Question

The volume of a sphere is decreasing at a constant rate of 6031 cubic centimeters per second. At the instant when the volume of the sphere is 3292 cubic centimeters, what is the rate of change of the radius? The volume of a sphere can be found with the equation V=4/3 π r^3. Round your answer to three decimal places.

Answer 1

The rate of change of the radius at the instant when the volume of the sphere is 3292 cubic centimeters is approximately -0.075 cm/s.

Explanation:

Let's begin by differentiating the volume formula with respect to time:

dV/dt = 4πr^2(dr/dt)

We know that dV/dt = -6031 cm^3/s (because the volume is decreasing at a constant rate), and we're trying to find dr/dt when V = 3292 cm^3.

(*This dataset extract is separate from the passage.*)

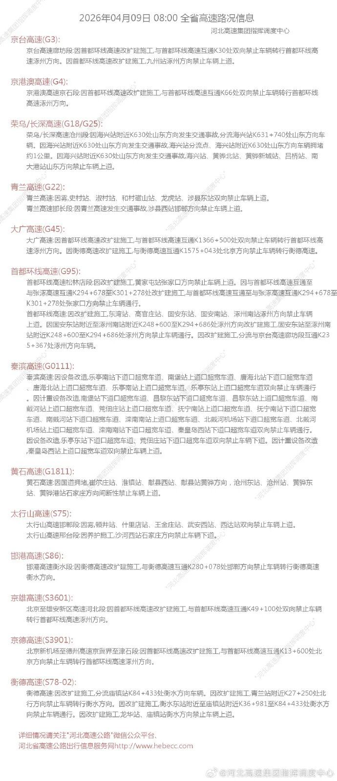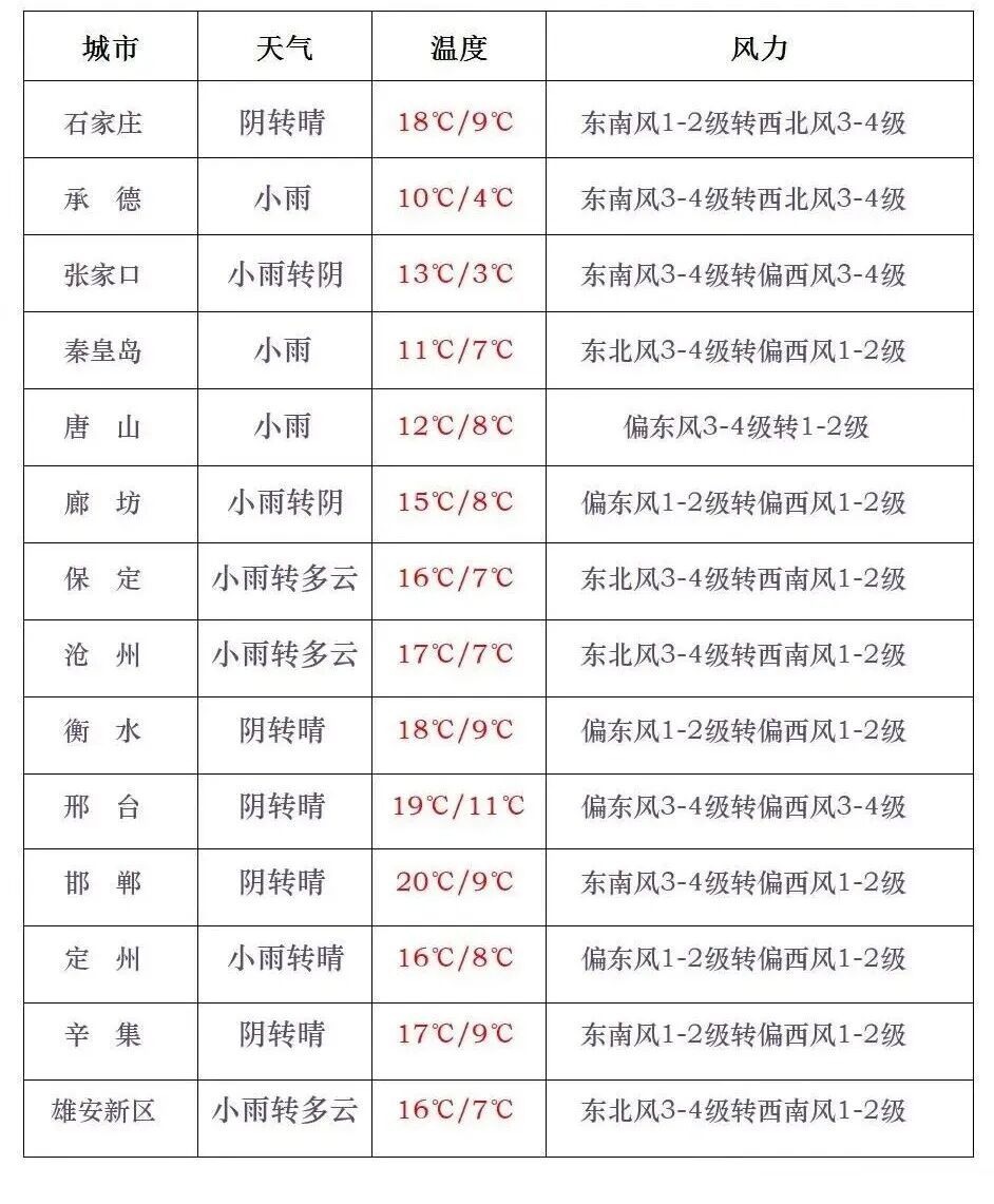 河北省气象台2026年04月09日05时发布天气预报:今天白天,石家庄、衡水、邢台、邯郸多云,坝上地区阴有雨夹雪,其他地区阴有小雨或阵雨,其中张家口东部、承德中南部局地有中雨。今天早晨,保定南部、石家庄东部、衡水西部、邢台、邯郸的部分地区有雾。最高气温,张家口北部、承德、秦皇岛1~12℃,其他地区13~26℃。今天夜间,张家口东部、承德、唐山、秦皇岛、廊坊北部阴有小雨或零星小雨转多云,其他地区多云转晴。最低气温,张家口北部、承德北部-5~4℃,其他地区5~12℃。明天白天到夜间,全省晴间多云。11日白天到夜间,全省晴间多云。10日白天,张家口、承德、保定西北部有西北风4到5级,阵风6到7级,局地可达8级。编辑 杨漂亮 编审 王婷婷 监制 冯迎晖

Substituting these values into the above equation, we get:

-6031 = 4πr^2(dr/dt)

We can solve for dr/dt by plugging in V = 3292 cm^3 into the volume formula to find the corresponding radius:

3292 = (4/3)πr^3

r = (3V/4π)^(1/3) = (3(3292)/(4π))^(1/3) ≈ 6.76 cm

Now we can plug in this value for r and solve for dr/dt:

-6031 = 4π(6.76)^2(dr/dt)

dr/dt = -6031 / (4π(6.76)^2) ≈ -0.075 cm/s

Therefore, the rate of change of the radius at the instant when the volume of the sphere is 3292 cubic centimeters is approximately -0.075 cm/s.

Answer 2

differentiating the equation for the volume of a sphere with respect to time:

V = 4/3 π r^3

dV/dt = 4π r^2 (dr/dt)

dV/dt = -6031

V = 3292

V = 4/3 π r^3

3292 = 4/3 π r^3

r^3 = 3/4 (3292/π)

r = 9.96

-6031 = 4π (9.96)^2 (dr/dt)

dr/dt = -6031 / (4π (9.96)^2)

dr/dt = -0.609 cm/s

the rate of change of the radius is approximately -0.609 cm/s when the volume of the sphere is 3292 cm^2.